Only four Republicans voted for that deal even though it had the endorsement of the National Border Patrol Council and Senate Republican Leader Mitch McConnell (Ky.) touted it as a “huge success by any objective standard.”
But Republicans still think the Biden administration’s record border security will be a major advantage for their candidates in November.
“I do think in terms of the border, it is a huge issue. I think President Biden really handled this from the very beginning, and I think in his race it’s going to be huge,” McConnell told The Hill earlier this year.
Democrats say the overwhelming GOP opposition to the border deal, which was spurred on by former President Trump, will be a bigger issue in Senate races than votes to dismiss Mayorkas’s impeachment.
“It’s not going to have an impact,” Democratic Senatorial Campaign Committee Chair Gary Peters (D-Mich.) said of Wednesday’s votes. “This is just a political stunt. People see it for a political stunt. What’s important is that all of our incumbents backed a bipartisan border security bill that is the strongest border security bill in decades. Republicans rejected that.
“Our candidates are about solutions, about actually getting things done and Republicans ae about engaging in a political stunt,” he added. “I’m confident it’s not going to be an issue for us.”
He said it would be easy to “paint that contrast” in key Senate races because almost all Senate GOP candidates in top-tier races opposed the Senate border deal.
Wednesday’s vote marked the first time in history that senators voted to immediately dismiss a House-passed impeachment measure without holding a trial or referring it to a special committee.
After the Senate voted along party lines to adjourn as a court of impeachment, McConnell called it a low moment in Senate history.
“We’ve set a very unfortunate precedent here. This means that the Senate can ignore, in effect the House’s impeachment,” he said. “We have, in effect, ignored the direction of the House, which were to have a trial. … This is day that’s not a proud day in the history of the Senate.”
Schumer, however, argued that the Senate would have set a worse precedent by tying up the Senate floor for days or weeks to hold a trial on impeachment charges that Democrats argued were in retaliation for “policy differences” with the Biden administration over immigration and border security.
“It could throw our system of checks and balances into cycles of chaos. Anytime the House would want to just shut the Senate down, they could just send over another impeachment resolution and could create frivolous impeachment trial after impeachment trial,” he said.

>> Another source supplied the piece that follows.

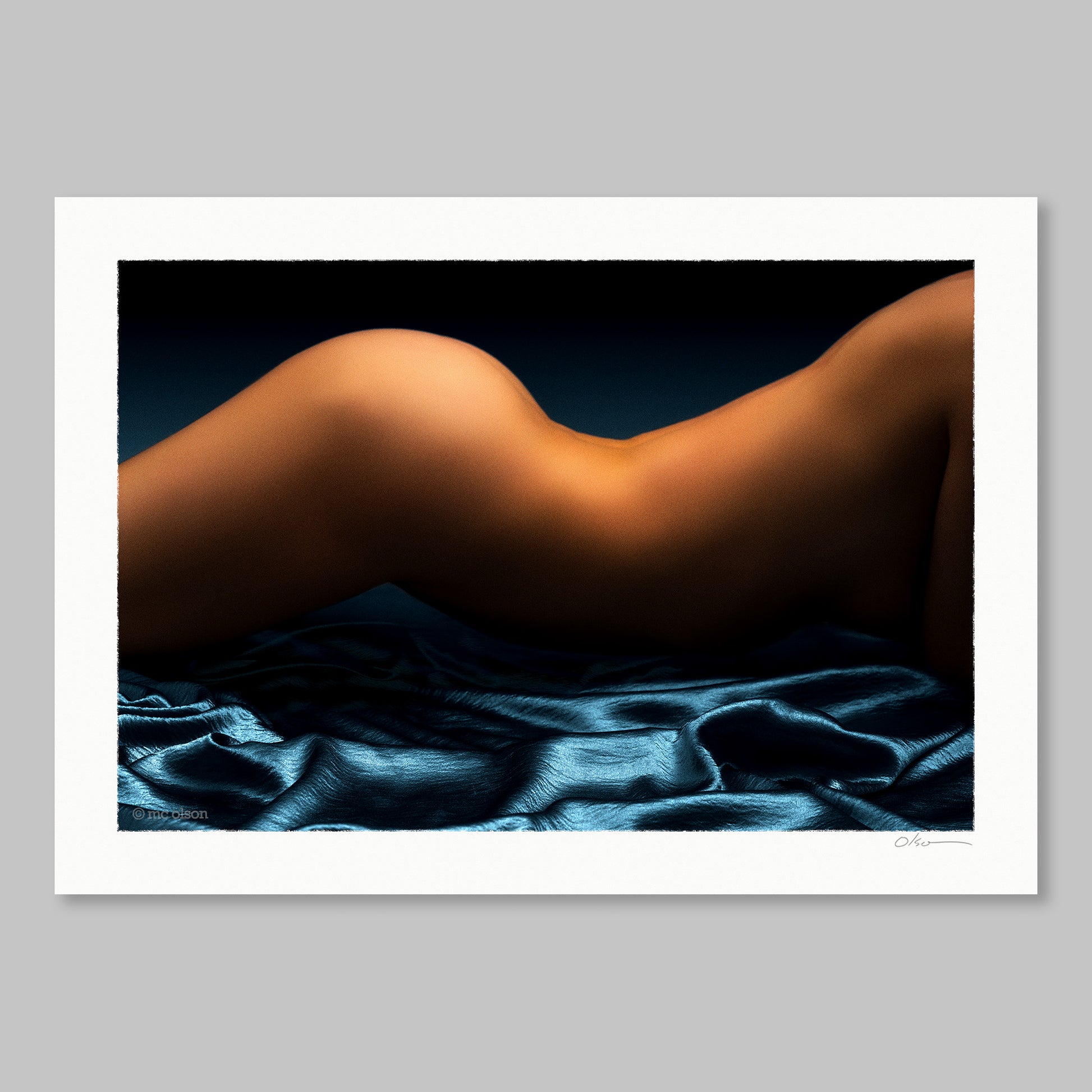 Fine art nude bodyscape. Smooth curves and warm flesh tones over undulating blue satin. Original color print on natural cotton paper.

Senate conservatives say they will retaliate over the dismissal by delaying routine business on the floor, which will make it tougher to pass a Foreign Intelligence Surveillance Act reauthorization by the Friday deadline.
Conservatives gave Schumer a taste of slow-down tactics to come when they delayed a Monday vote on advancing the nomination of Ramona Villagomez Manglona to serve on the District Court for the Northern Mariana Islands.
“There will be more of that, a lot more,” warned Senate Steering Committee Chair Mike Lee (R-Utah).
He spoke on the Senate floor for hours after the vote to avoid a trial to vent his frustration with the outcome.
In response, Schumer warned that any retaliatory tactics to slow down the Senate would only hurt the country.
“We have so many things we have to get done for the future of this country that I don’t think that’s an appropriate reaction,” he said.